● **GIVEN DATA**:
>>>
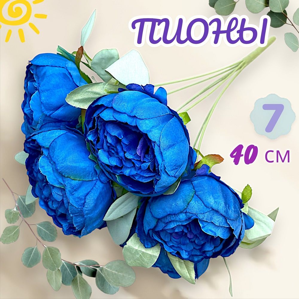 Пионы синие букет 7 бутонов 40см, светлая зелень, бутон 7см
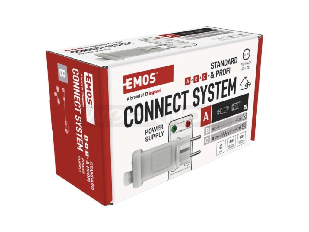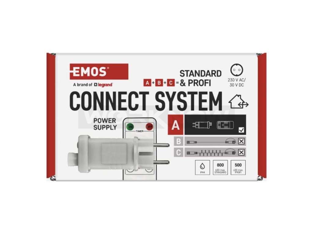 Na jeden adaptér lze napojit až 800 LED světýlek systému CONNECT SYSTEM STANDARD nebo 500 LED světýlek systému CONNECT SYSTEM PROFI.
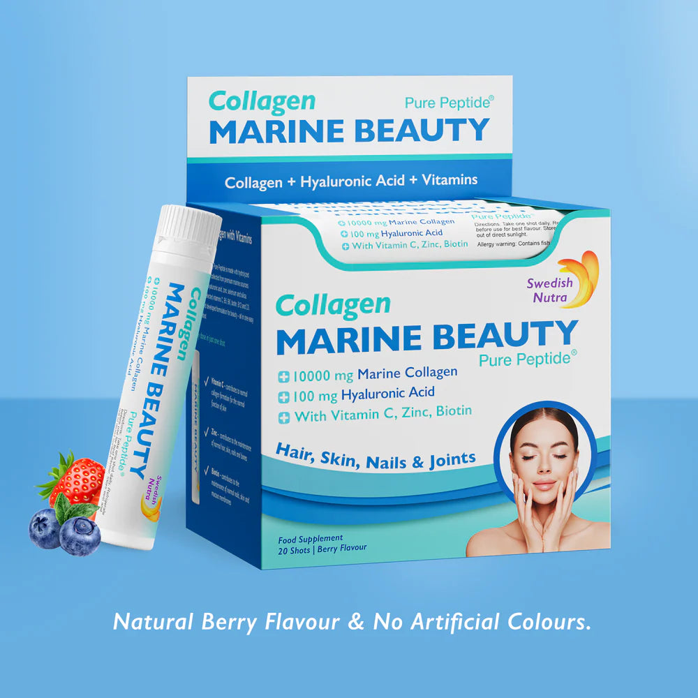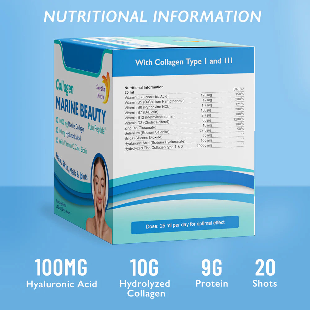 Рибният колаген от Swedish Nutra е с висока бионаличност и бързо усвояване от организма, благодарение на своята молекулна структура. Съдържа хидролизиран колаген тип 1, който е основен за здравето на кожата, косата и ставите. Комбиниран с хиалуронова киселина и витамини, той подхранва кожата на клетъчно ниво, правейки я по-сияйна и гладка.
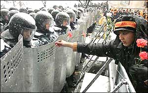 EU foreign policy chief Javier Solana also warned that Ukraine was at a crossroads and could slide into violence.
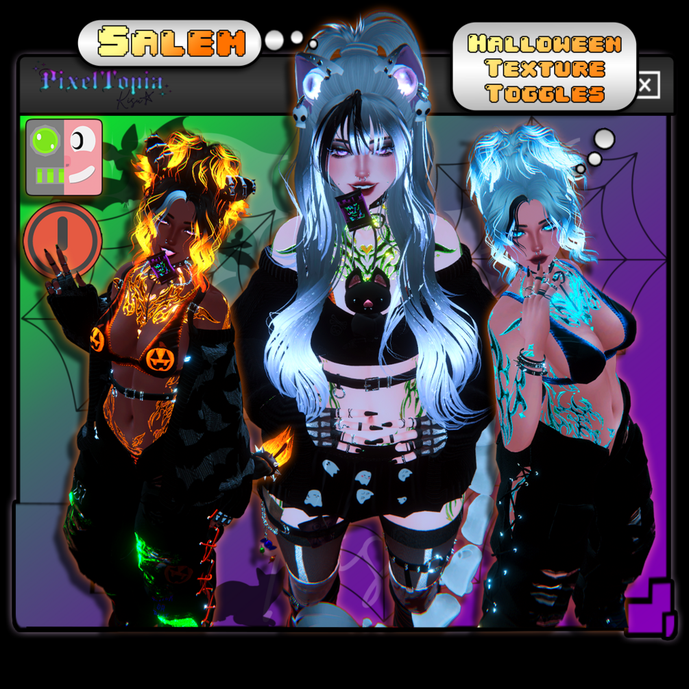 β.ππ. .ββββββββββββββββββββββββββββββββββββββββββββββββββββ Salem has that right amount of Halloween for anyone who don't want to dress up but still want to be in the spoopy mood! Salem also has toggles to remove Halloween specific textures so you can use her after Halloween as well! :D Don't forget about the working pumpkin Lantern, cool particles and FACE TRACKING !! ββββββββββββββββββββββββββββββββββββββββββββββββββ. .ππ.β
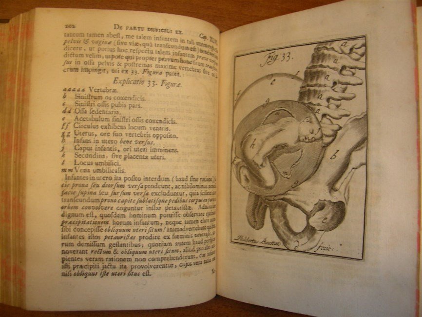 2 parti in un vol. in-4, pp. [16], 320, [2]; [10], 67, [9], leg. p. pelle coeva con ricchi fregi e tit. oro al d. Tagli rossi. Antip. con ritr. dell’A. inc. in rame. Con 36 tavv. anatomiche, alcune ripiegate. Castiglioni p. 561: ". degli ostetrici olandesi i più noti furono Ruysch e Henrick van Deventer (1651-1724) che fu iniziatore degli studi sul meccanismo del parto". Wellcome II, 460. Qualche spellatura alla leg., qualche pag. brun. [078]
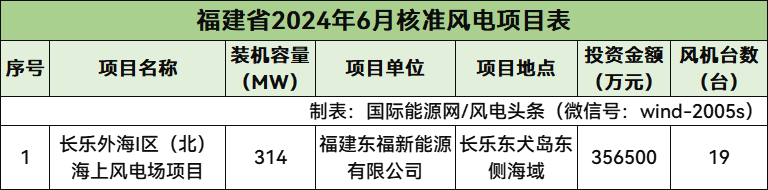 福建核準(zhǔn)1個(gè)風(fēng)電項(xiàng)目,總規(guī)模314MW,為海上風(fēng)電項(xiàng)目。
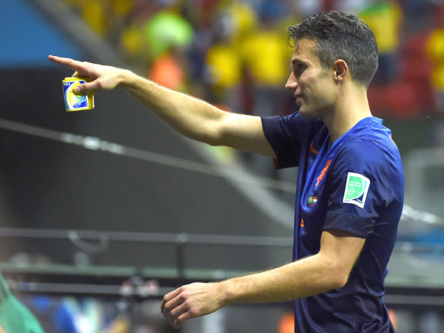 Капитан сборной Нидерландов по футболу Робин ван Перси подарил капитанскую повязку болельщику команды в оранжевой униформе после матча за бронзовые медали чемпионата мира, который состоялся в городе Бразилиа на стадионе "Манэ Гарринча".
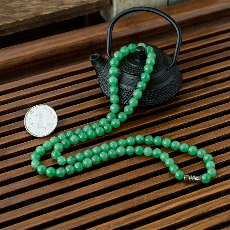 • 6.5mm糯冰种翠绿翡翠项链
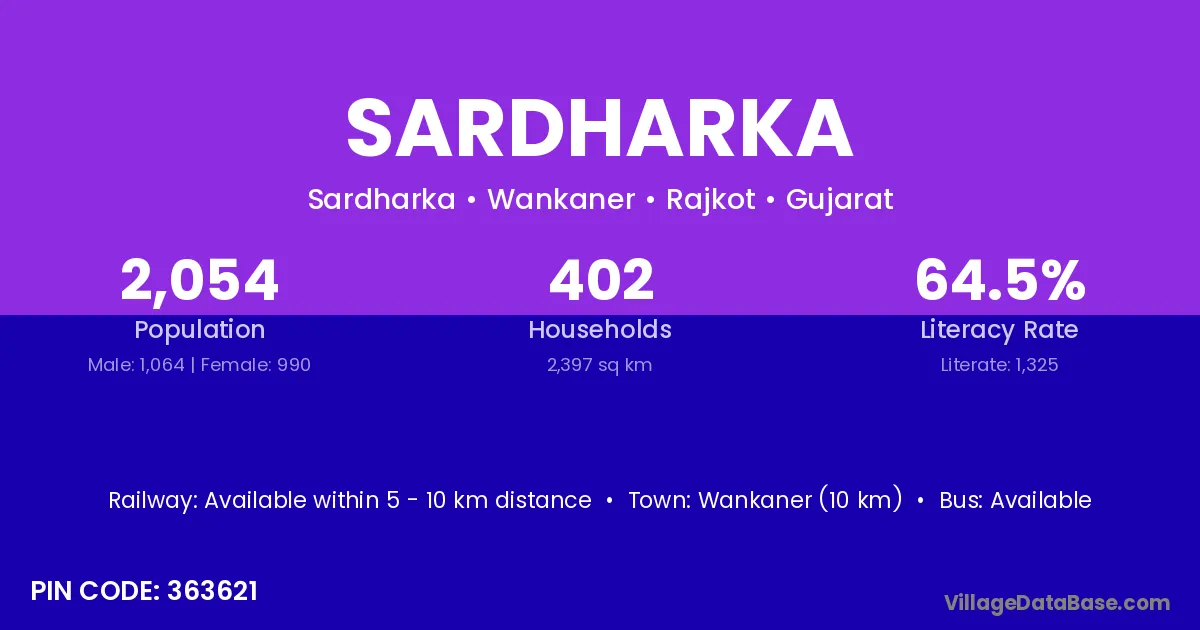 Wankaner (10 km) is the nearest town to Sardharka village for major economic activities and is located approximately 10 km away.
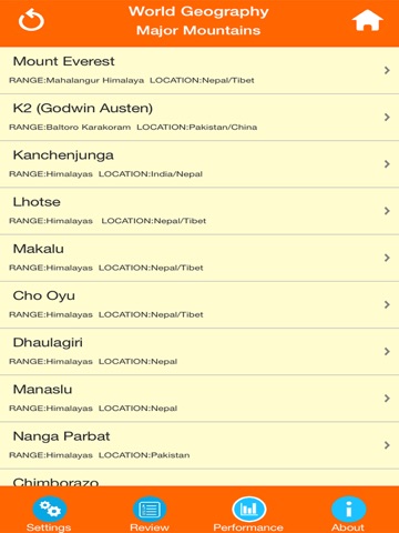 - View knowledge about world mountains as flashcards.
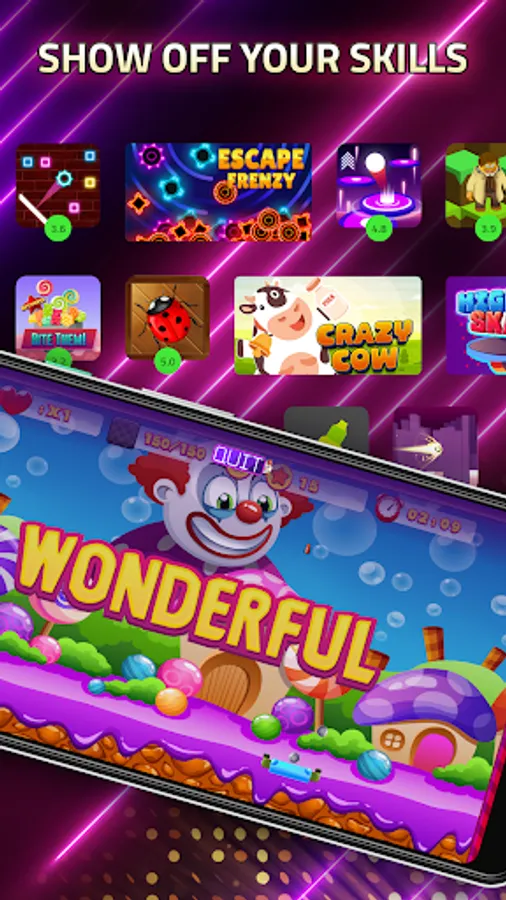 - Challenge others in fun arcade games to see who’s the ultimate skill game master.
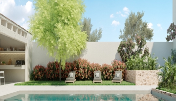 Semi-detached family villa with pool under construction in the center of Santanyi
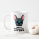 Esta caneca de café de buldogue francesa faz o presente perfeito para Dia de os pais para qualquer Pai francês. A design apresenta um estilo de desenho ilustrativo de um buldogue francês de cor azul vestindo óculos de sol com a frase "O melhor Pai de francês de todos!" A design é a mesma em ambos os lados da caneca e a redação pode ser alterada para qualquer coisa que você quiser.
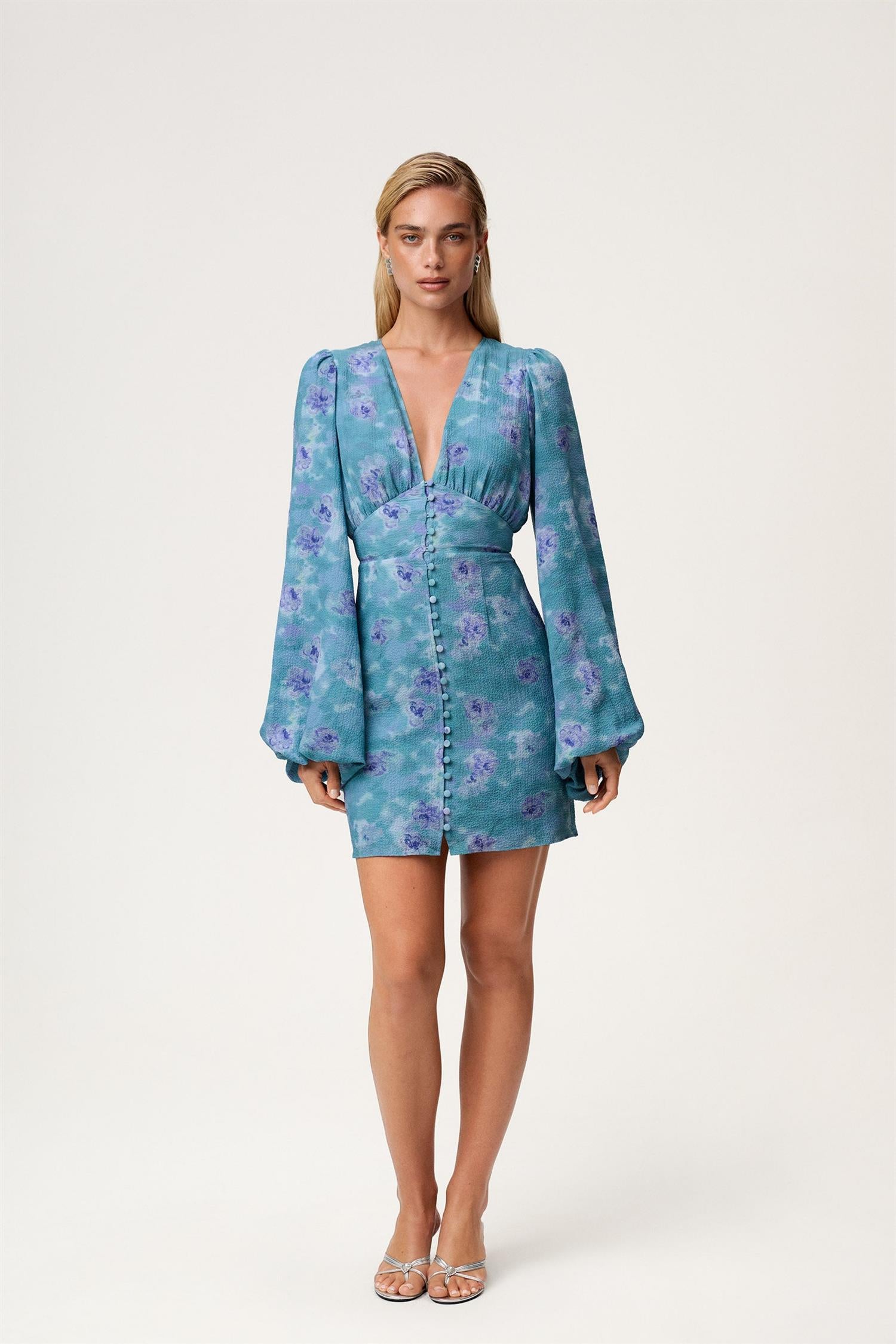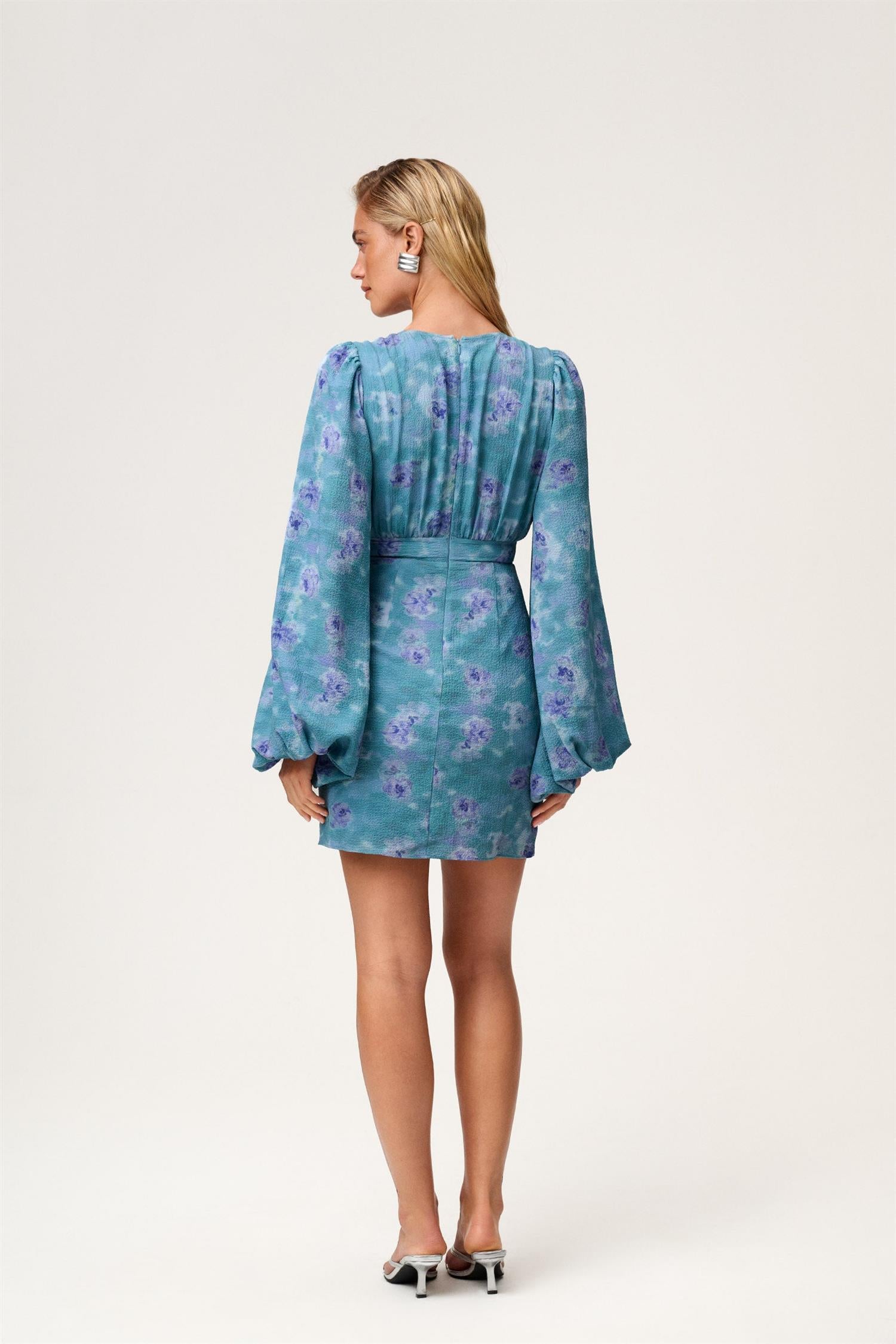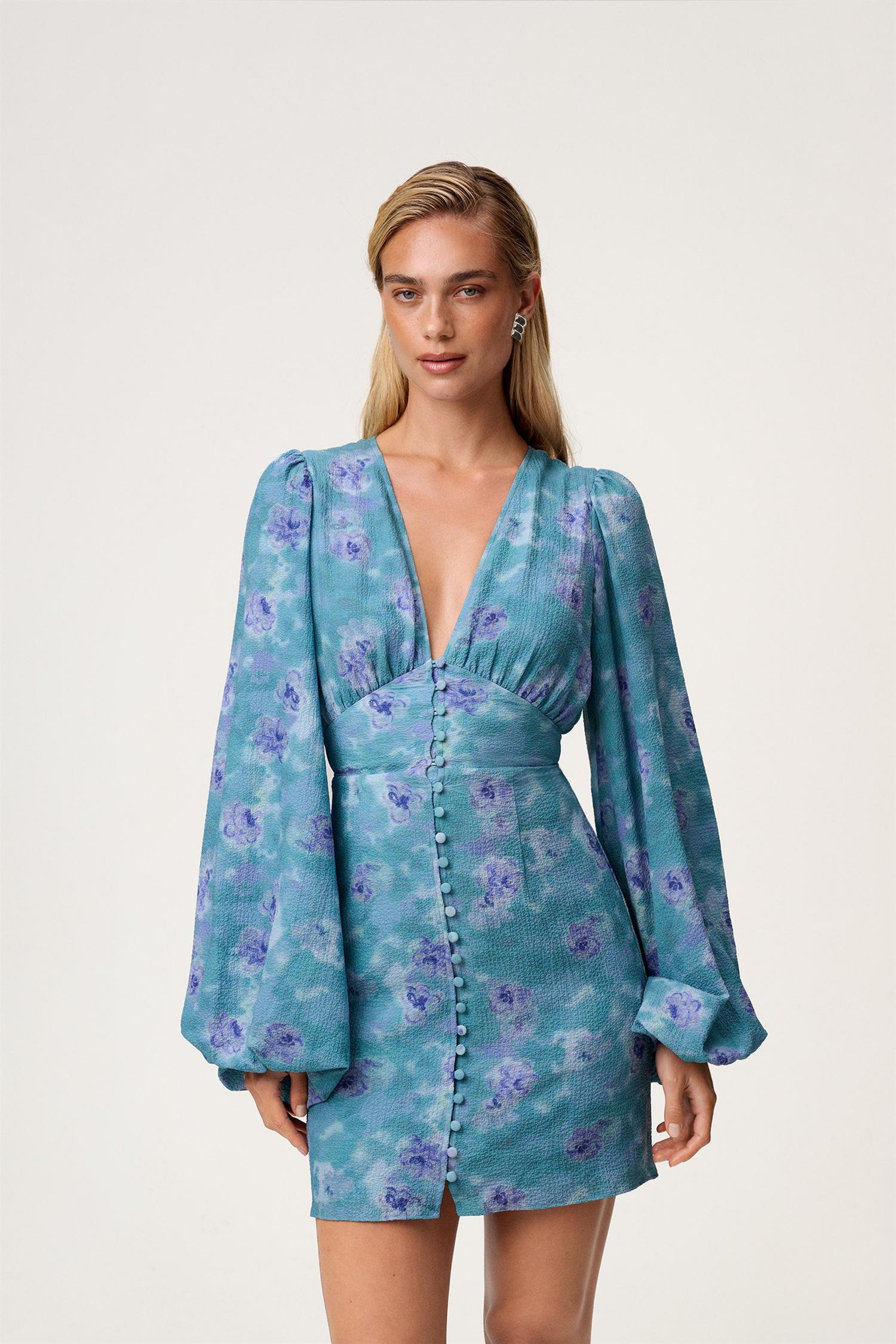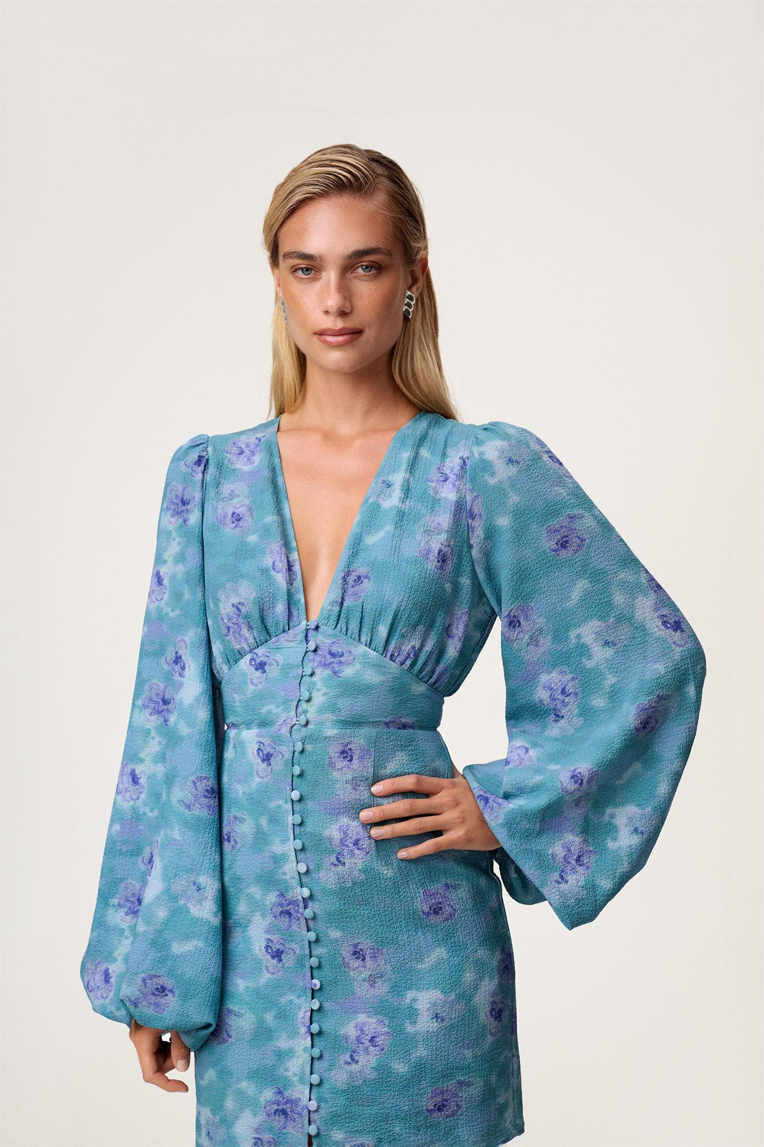 Feminin kjole i blå med delikat blomsterprint i lilla fra Adoore. Modellen er tettsittende med dyp v-hals og har delikate knapper langs fronten. Voluminøse ballongermer med puff i skuldre og strikk i mansjett. Kjolen har lengde til midt på låret, er helforet og lukkes med skjult glidelås bak. En stilig kjole som kan pyntes opp og ned etter anledning.
<<<
● **ASSIGNED TASK**:
Repeat exactly, and only, the entries from the line with "- View knowledge" through the line with "Semi-detached family villa". Pictures are skipped.

● **REPLY**:
 - View knowledge about world mountains as flashcards.
 - Challenge others in fun arcade games to see who’s the ultimate skill game master.
 Semi-detached family villa with pool under construction in the center of Santanyi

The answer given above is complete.